On the contention of Mr. Ezeuko that in so far as the respondents have not counter-claimed for title, an order of dismissal will not harm the appellants, it is my view that a dismissal of the action will raise certain forms of estoppel in favour of the respondents as against the appellants in any future suits. The result cannot, therefore, be the same with an order of non-suit. Considering the nature of a non-suit as I have explained above, it appears to me to be a misconception to argue that the appellants are entitled to judgment in the claim for trespass or an order of permanent injunction, as they are on their own admission entitled to only an order of non-suit which, as I have shown, is predicated upon the premises that none of the parties is entitled to judgment for either damages for trespass or injunction.

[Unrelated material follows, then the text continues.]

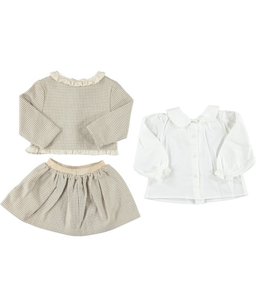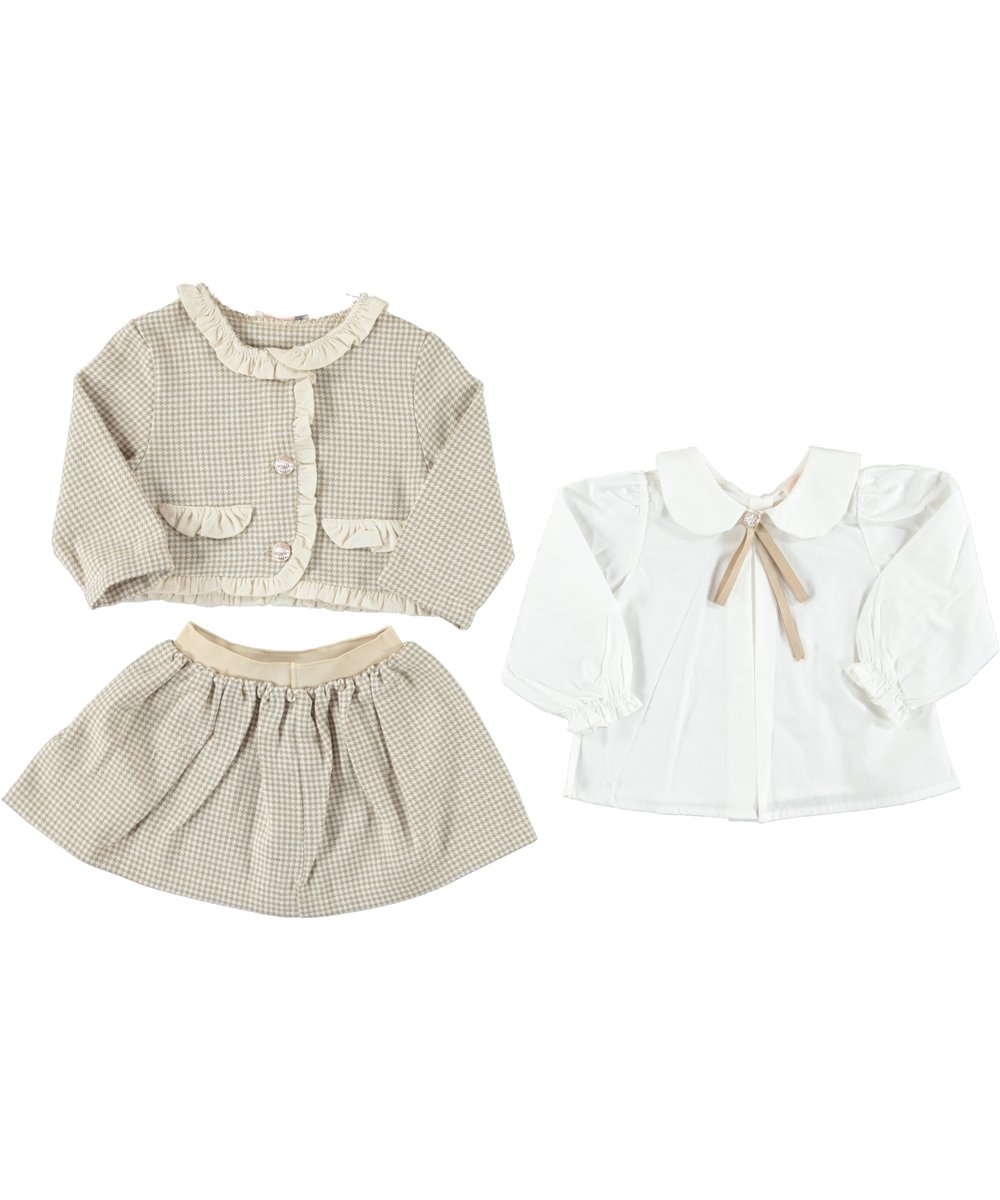 BABY GIRL 3 PCS SET BEIGE & BROWN SKIRT

In the instant case, the learned trial Judge found that the land belonged to Amakwa Village of which the appellants form a part. A verdict for either damages in trespass or permanent injunction appears to me to be inconsistent with non-suit which they are asking for in this appeal.

For all I have said, the appeal succeeds and is allowed. I set aside the order of dismissal made by the Court of Appeal in this suit and restore the order of non-suit made by the court of trial.

The appellants shall have the costs of this appeal which I assess at N500.00.